Research shows parents fear children's driving

New research shows that two-fifths (41 per cent) of parents are terrified at the thought of their kids driving them around when they’re learning – despite admitting they’ve forgotten the Highway Code themselves (42 per cent).

What’s more, when it comes to the thought of teaching their child to drive, 11 per cent of mothers say they’d rather give birth again, while the same number of fathers would prefer to do a bungee jump.

The research, conducted by FlyResearch on behalf of Vauxhall Motors, also reveals that a quarter of parents have snapped at their kids while sitting in the instructor’s seat.

FlyResearch spoke to 1,000 parents and 1,000 of their children aged 6 to 17 in July 2017, looking into parent-child driving habits, perceptions and experiences.

The results revealed that, while 57 per cent of parents can’t wait for their kids to be able to drive, nearly the same amount (52 per cent) wouldn’t trust themselves as their instructor.

For parents who do take the instructor role, lessons have resulted in a dented car for nearly one-fifth (17.3 per cent) and a crash for over one in ten (13 per cent).

Seventy per cent of learners believe they’ll be a better driver than their parents when they pass their test. Yet over half of them (52 per cent) see the test as more stressful than school exams – and 45 per cent say it’s more stressful than a first date.
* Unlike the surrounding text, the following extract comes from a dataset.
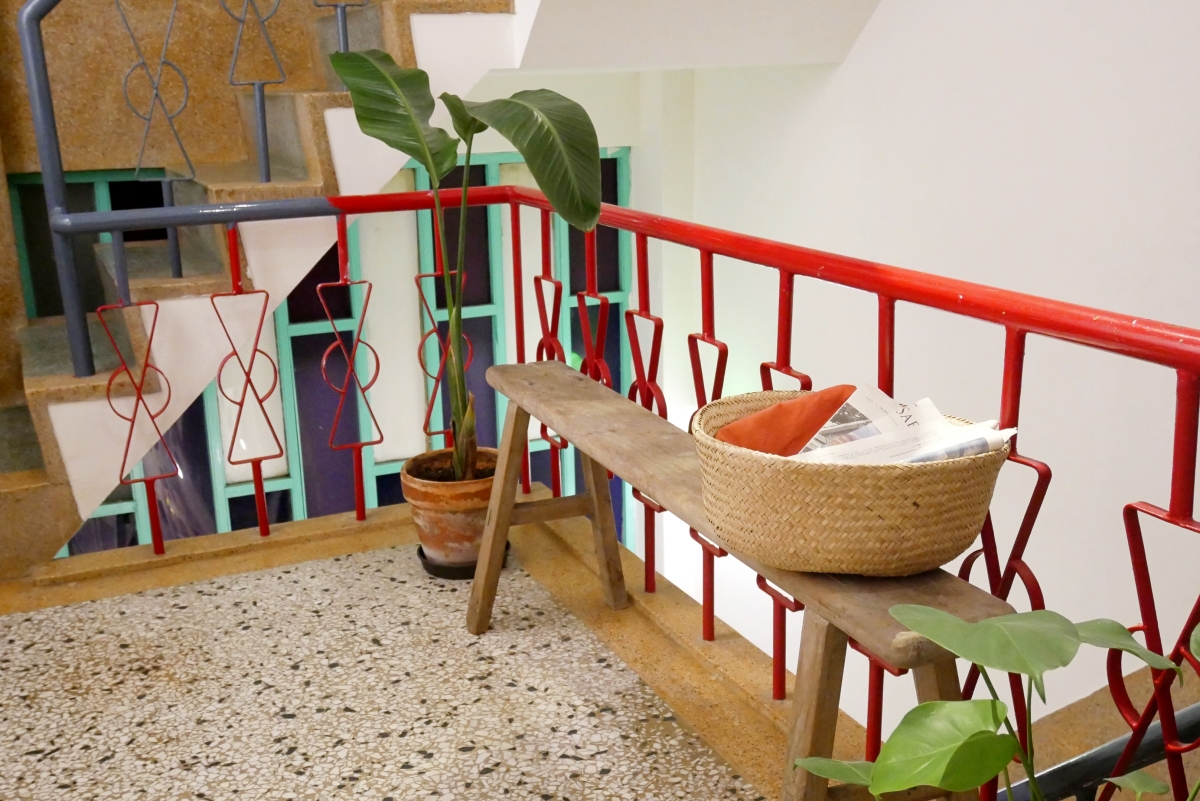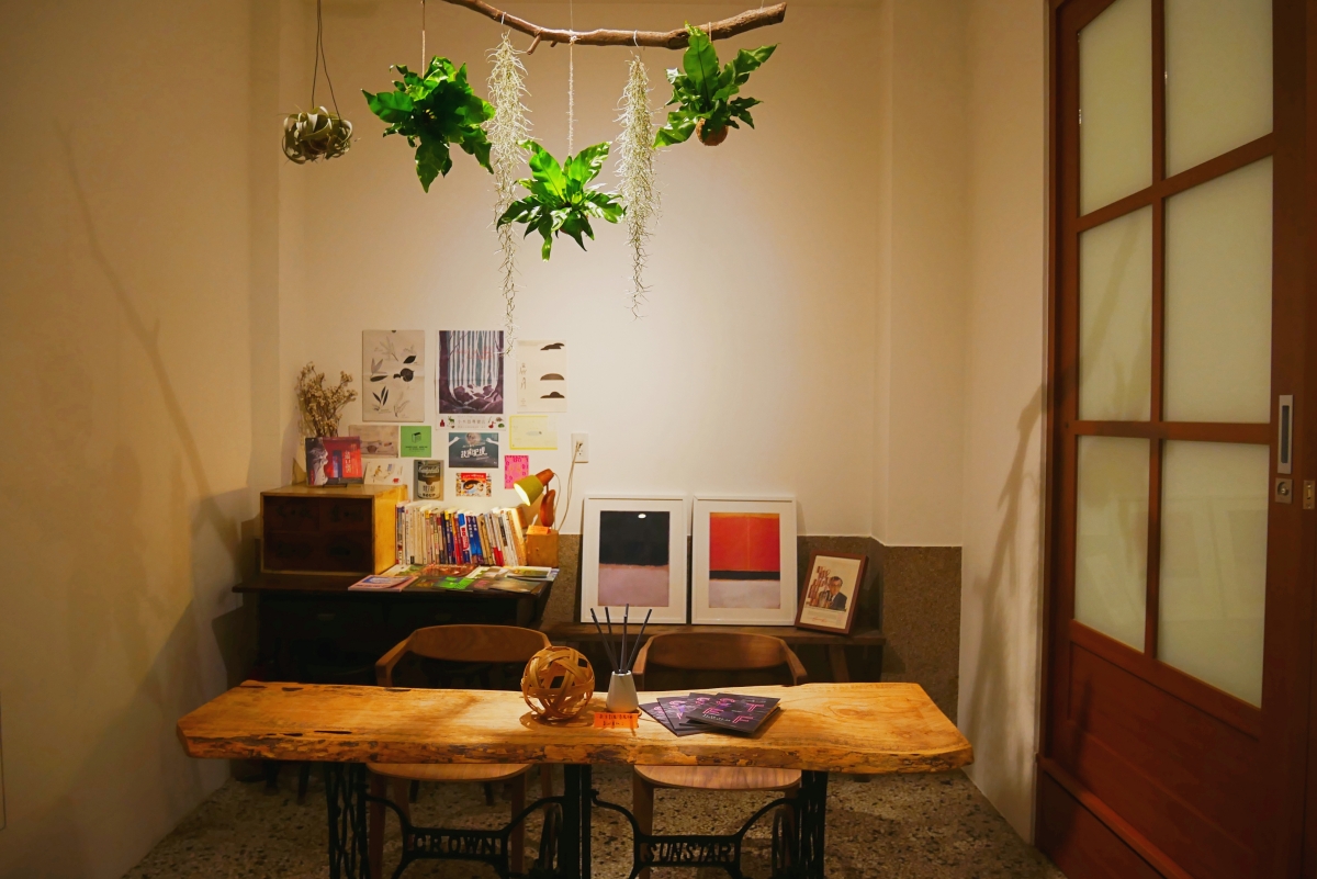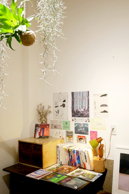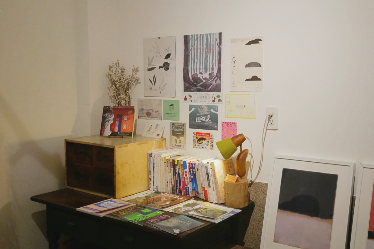 房間外的空間一樣擺了張桌子,擺了些藝文資訊,後方也有書籍和掛畫。主人 Coco 對藝文活動很有興趣,印象很深刻的是那天她接待完我們以後,晚上11點要和朋友去看「大象席地而坐」,片長近四個小時,打算通宵不睡覺的去看電影,非常熱血啊!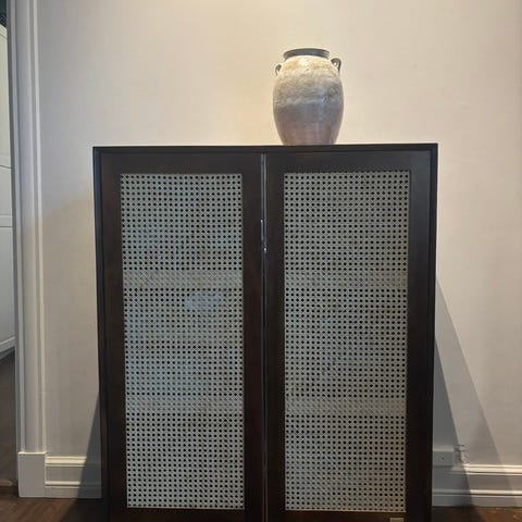 Bought new from Finn around a year ago. I think it’s Jotex Sion - can’t remember but looks a lot like it. One leg is lose and needs repairing and there are a few marks but easy to wash or even sand off. It still looks really good and it’s a very solid skap but we want to replace it with something taller.

Denis Chick, Director of Communications at Vauxhall Motors, comments: “I wouldn’t go as far as to say I’ve had a meltdown teaching my kids to drive, but when it comes to learning, we definitely think it is wisest to leave it to the professionals. As the research has shown, it seems most parents agree. We want our kids to be safe on the road and the Young Driver courses are perfect for kids to experience being behind the wheel of a car before doing the real thing on the road.”